Bush has been sounding a warning about Iran as a threat in the region throughout this trip to the Middle East. In a speech in Abu Dhabi on Sunday he declared Iran a threat to world security and "the world's leading state sponsor of terror."

Before heading to the Gulf trade and tourism hub of Dubai, which has declared a national holiday due to the road closures imposed for his visit, Bush toured an exhibit on MASDAR, a planned renewable energy project in Abu Dhabi.

"I hope my visit shines a spotlight on the Middle East, the opportunities to work constructively with our friends," he said.

ARMS AND PEACE

Bush has also been asking Arab allies to diplomatically and financially support Palestinian leaders involved in peace talks, and to expand relations with Israel.

Saudi Arabia attended a U.S.-sponsored summit in Annapolis, last year aimed at restarting Israeli-Palestinian peace efforts.

But Saudi Arabia has no diplomatic ties with Israel and says "normalisation" will only happen with a final peace deal that returns all Arab land occupied by Israel in the 1967 war.

The Bush administration is expected to notify Congress this week about part of an arms package for Saudi Arabia.

"It's a big package that we have offered to the Saudis. It actually gets sort of negotiated between us and the Saudis in pieces, and those pieces then get notified to the Congress," the official said. One element of the arms package will be notified to Congress on Monday, he said.

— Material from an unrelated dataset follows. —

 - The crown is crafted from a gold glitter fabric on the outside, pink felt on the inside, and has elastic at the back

The administration last year proposed supplying Gulf Arab states with some $20 billion (10.2 billion pounds) in new weapons, including Joint Direct Attack Munition bomb kits for the Saudis.

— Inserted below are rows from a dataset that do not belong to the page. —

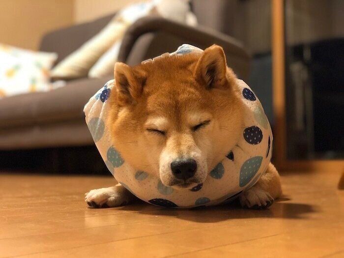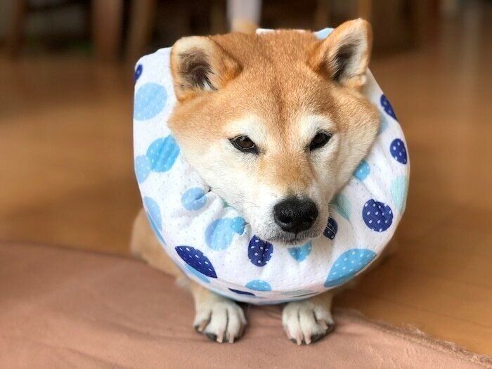 柴犬マロたん、アトピー治療中のためエリザベスカラー装着を続けて頑張っています!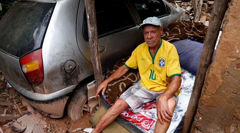 Na comunidade Três Moinhos, em Juiz de Fora, o morador Gilvan Leal Luzia, de 55 anos, passa dia e noite em um colchão posicionado no que restou da garagem. De um lado, a casa destruída pela lama. Do outro, parte do carro soterrada. Para se abrigar da chuva, um teto improvisado com colchonete, pedaços de telha e outros destroços. Há um mês, na noite de 23 de fevereiro, ele escapou por pouco de ser um dos mortos das enchentes e deslizamentos de terra que atingiram a Zona da Mata Mineira.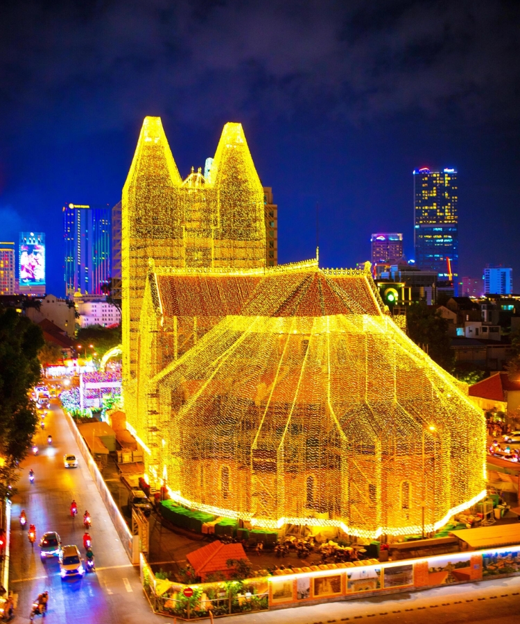 Không chỉ có khung cảnh lung linh, Nguyễn Huệ còn tổ chức các buổi biểu diễn ca nhạc, múa, trình diễn đường phố và countdown cuối năm. Dọc hai bên phố, hàng loạt quán cà phê, nhà hàng và rooftop bar mở cửa đón khách, cho phép bạn vừa thưởng thức đồ uống, vừa ngắm nhìn dòng người tấp nập trong ánh sáng lấp lánh của mùa lễ hội. Đây chính là địa điểm vui chơi Noel trung tâm, nơi bạn có thể cảm nhận trọn vẹn sự sôi động, trẻ trung và đầy năng lượng của Sài Gòn mỗi dịp Giáng sinh.

The plan had angered Israel's backers in Washington but Israeli security sources said on Sunday the United States would provide the Jewish state better "smart bombs" than those it plans to sell Saudi Arabia under the regional defence plan.

It was unclear what may be discussed on the subject of oil prices when Bush meets King Abdullah, or whether that issue would be left mainly to U.S. Energy Secretary Sam Bodman when he visits Saudi Arabia later this month.

Oil prices near $100 per barrel have nearly doubled since Bush, a former oil man, walked arm in arm with King Abdullah, then the crown prince, at his Texas ranch in April 2005.

Washington rarely makes public criticism of Saudi Arabia over its political and human rights record, but Bush spoke out against a court verdict condemning a gang rape victim to 200 lashes. King Abdullah pardoned the woman who was accused of being with an unrelated man when she was snatched by seven attackers.